# Is $\vec{F}\cdot \hat{n}$ zero on the boundary?

I'm trying to do the following exercise

Let $$\Omega\subset\mathbb R^3$$ be a connected bounded subset with differentiable boundary $$\partial\Omega$$. If the divergence of $$F:\mathbb R^3 \rightarrow \mathbb R^3$$ is zero in $$\Omega$$, then

$$\int_\Omega F^TJ^TFdx=0,$$

where $$J$$ means the jacobian of $$F$$ and $$J^T$$ the transpose matrix of $$J$$.

I have asked a solution for it here and @MarkViola has proved that the integral is equal to

$$\int_{\partial\Omega} (F\cdot F)(F\cdot n) \, dS ,$$

where $$n$$ is the normal vector to the surface defined by the boundary. Now, why is this integral also zero??? I can see that if $$\operatorname{div}F=0$$ on $$\Omega$$ then

$$\int_{\partial \Omega} F\cdot n \, dS = 0.$$

But, does it imply that $$F\cdot n =0$$ on the boundary? If not, why the integral

$$\int_{\partial\Omega} (F\cdot F)(F\cdot n) \, dS$$

is equal to zero?

Remark I should remark that @Mark also gave an example for which $$F\cdot n$$ is not zero on the boundary and the integral is. The only problem I see in that case is that the boundary is $$C^1$$ a.e. but not actually $$C^1$$.

• Is $F\in C^1({\mit Ω})$ or $F\in C^1(\overline{\mit Ω})$?
– Ѕааԁ
May 19, 2018 at 16:29
• The statement doesn't say anything about that, so suppose what you prefer. The strogest condition. May 19, 2018 at 16:38
• @AlexFrancisco: In fact I would suppose $C^1(\mathbb R^3)$. May 19, 2018 at 16:52
• @ChristianBlatter: $J$ is the Jacobian of $F$ and $T$ denotes the transpose matrix.

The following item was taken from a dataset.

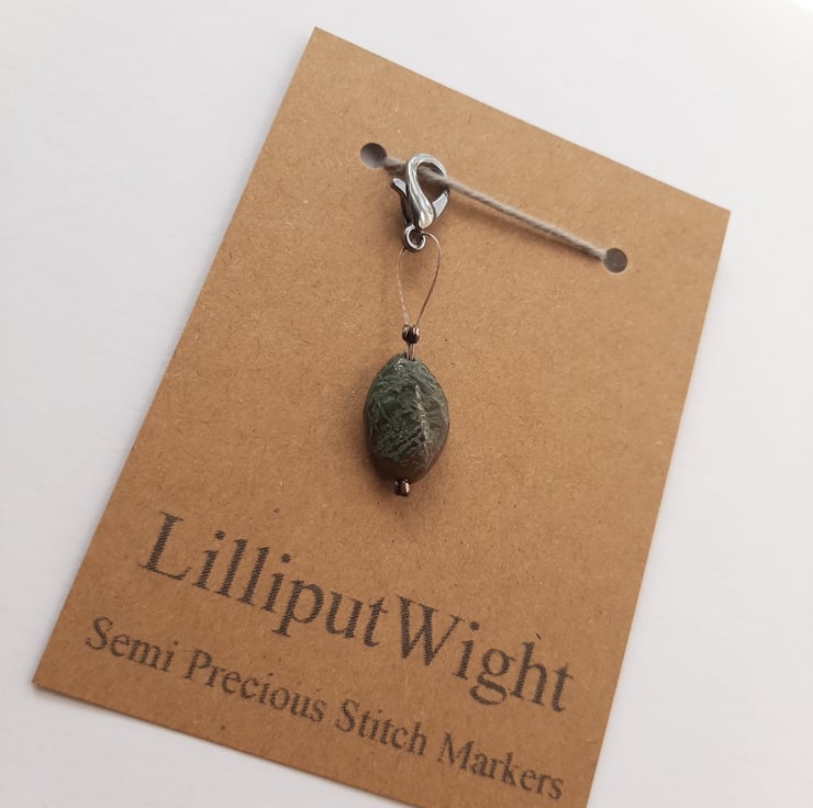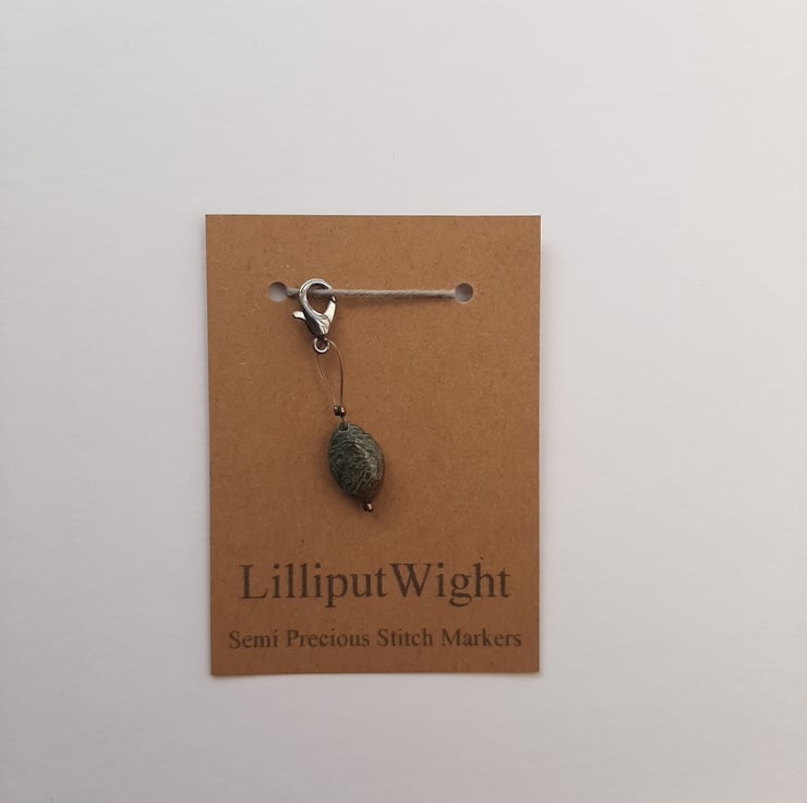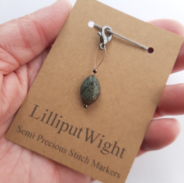 A single stitch marker made from a semi precious stone, for use in crochet or as a progress keeper in knitting.
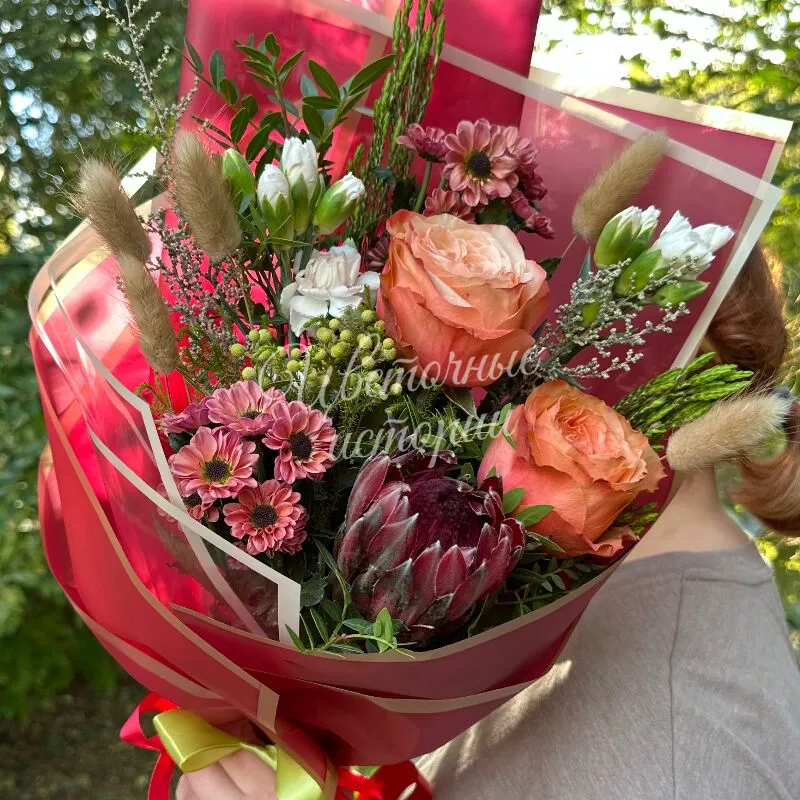 Мы можем создать букет под ваш бюджет, соблюдая все пожелания по составу и цветовой гамме. К букету можем добавить подарок, игрушку, сладости или фрукты.

Far than that... Wll Mark Viola proved that $FJ^TF$ is equal to the material derivative of $\|F\|^2$: $FJ^TF=(F\cdot\nabla)(F\cdot F)$. May 19, 2018 at 18:32
• @ChristianBlatter: Sure, but they've got it. $F$ is a vector $(F_1(x,y,z),F_2(x,y,z),F_3(x,y,z))$, where each $F_i$ is a function from $\mathbb R^3$ into $\mathbb R$. And $J$ is the Jacobian of $F$ and hence a matrix $3\times 3$. So $FJ^TF$ is a function from $\mathbb R^3$ into $\mathbb R$. Furthermore, it turns out to be the function given by $(F\cdot\nabla)(F\cdot F)$. May 19, 2018 at 18:44

It is not necessary that $$F\cdot n=0.$$ For example, you may consider

• $F(x,y,z)=\left(y,x,0\right)$, and
• $\Omega=\left\{x\in\mathbb{R}^3:\left\|x\right\|\le 1\right\}$.

In this case, $\partial\Omega$ is the unit sphere, with its outward unit normal being $$n=\left(x,y,z\right).$$ Then on $\partial\Omega$, we have $$F\cdot n=\left(y,x,0\right)\cdot\left(x,y,z\right)=2xy\not\equiv 0.$$

In general, it is not necessary that $$\int_{\Omega}FJ^{\top}F{\rm d}V=0,$$ even if $F$ is divergence-free. For example, consider

• $F(x,y,z)=\left(x,y,-2z\right)$, so that $F$ is divergence-free, and
• $\Omega=\left\{x\in\mathbb{R}^3:\left\|x\right\|\le 1\right\}$.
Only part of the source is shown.